Description of the task: A line below contains "श्रीडूंगरगढ़ में एक", and a later one contains "Jódozott tengeri só". Repeat both, with every line between them, exactly.

Task material:
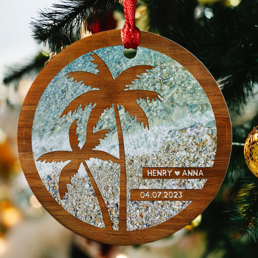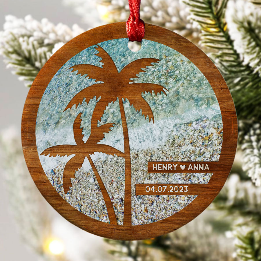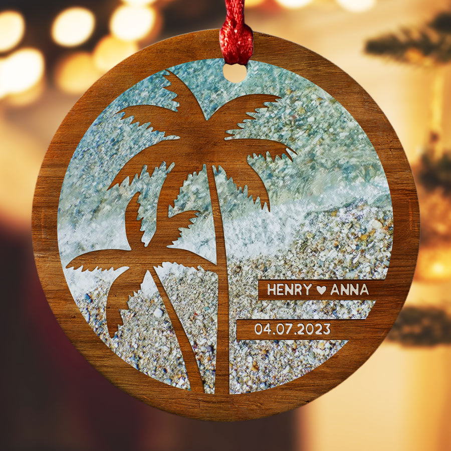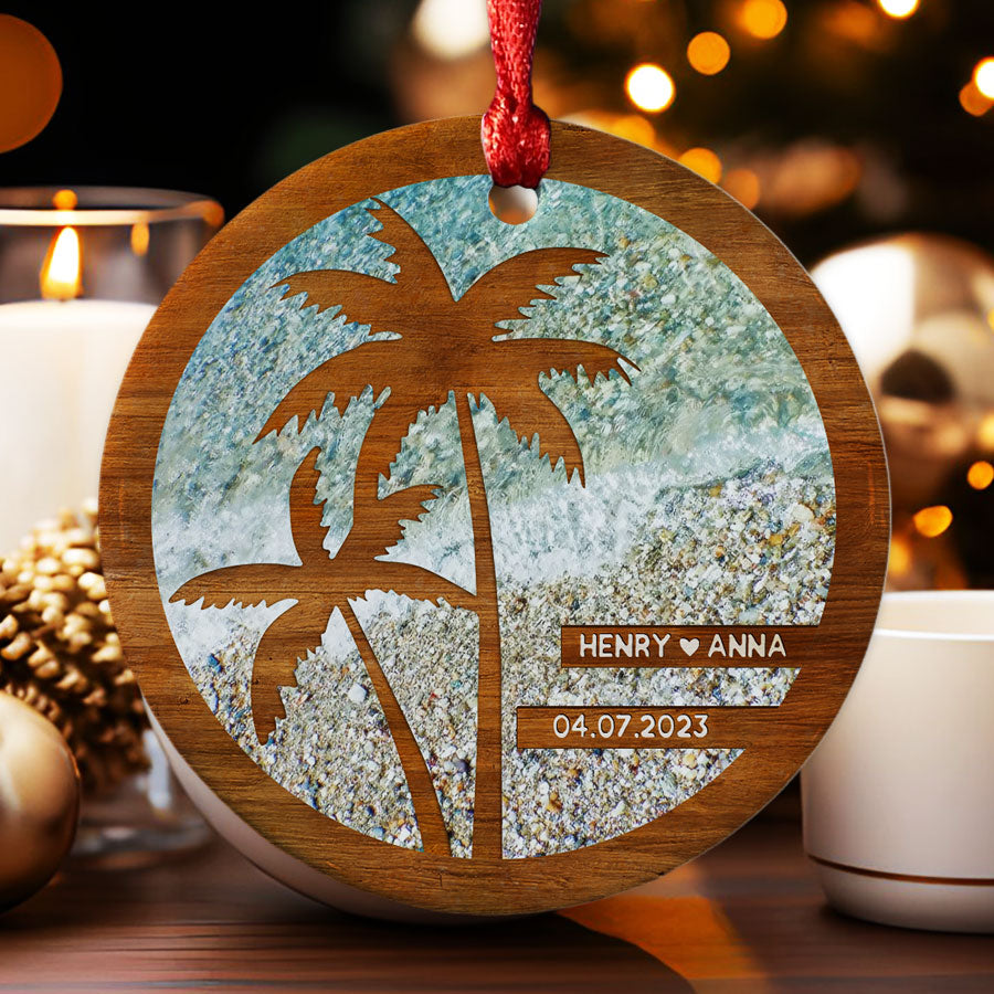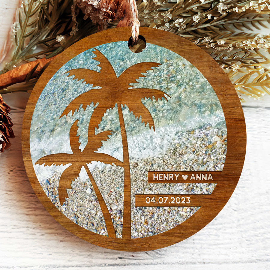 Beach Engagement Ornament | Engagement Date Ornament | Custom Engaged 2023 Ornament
---
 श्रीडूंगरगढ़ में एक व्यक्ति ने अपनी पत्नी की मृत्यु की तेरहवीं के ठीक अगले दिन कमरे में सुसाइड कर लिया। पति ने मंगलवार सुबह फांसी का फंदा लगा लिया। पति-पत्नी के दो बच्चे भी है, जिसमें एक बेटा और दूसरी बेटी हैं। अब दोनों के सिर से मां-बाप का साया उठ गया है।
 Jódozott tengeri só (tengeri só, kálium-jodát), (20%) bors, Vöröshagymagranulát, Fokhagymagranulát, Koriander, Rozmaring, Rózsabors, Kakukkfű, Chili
==
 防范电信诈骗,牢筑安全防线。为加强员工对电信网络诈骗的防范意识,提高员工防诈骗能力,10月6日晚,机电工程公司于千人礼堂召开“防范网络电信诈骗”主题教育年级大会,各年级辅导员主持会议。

Output of the exercise:
 श्रीडूंगरगढ़ में एक व्यक्ति ने अपनी पत्नी की मृत्यु की तेरहवीं के ठीक अगले दिन कमरे में सुसाइड कर लिया। पति ने मंगलवार सुबह फांसी का फंदा लगा लिया। पति-पत्नी के दो बच्चे भी है, जिसमें एक बेटा और दूसरी बेटी हैं। अब दोनों के सिर से मां-बाप का साया उठ गया है।
 Jódozott tengeri só (tengeri só, kálium-jodát), (20%) bors, Vöröshagymagranulát, Fokhagymagranulát, Koriander, Rozmaring, Rózsabors, Kakukkfű, Chili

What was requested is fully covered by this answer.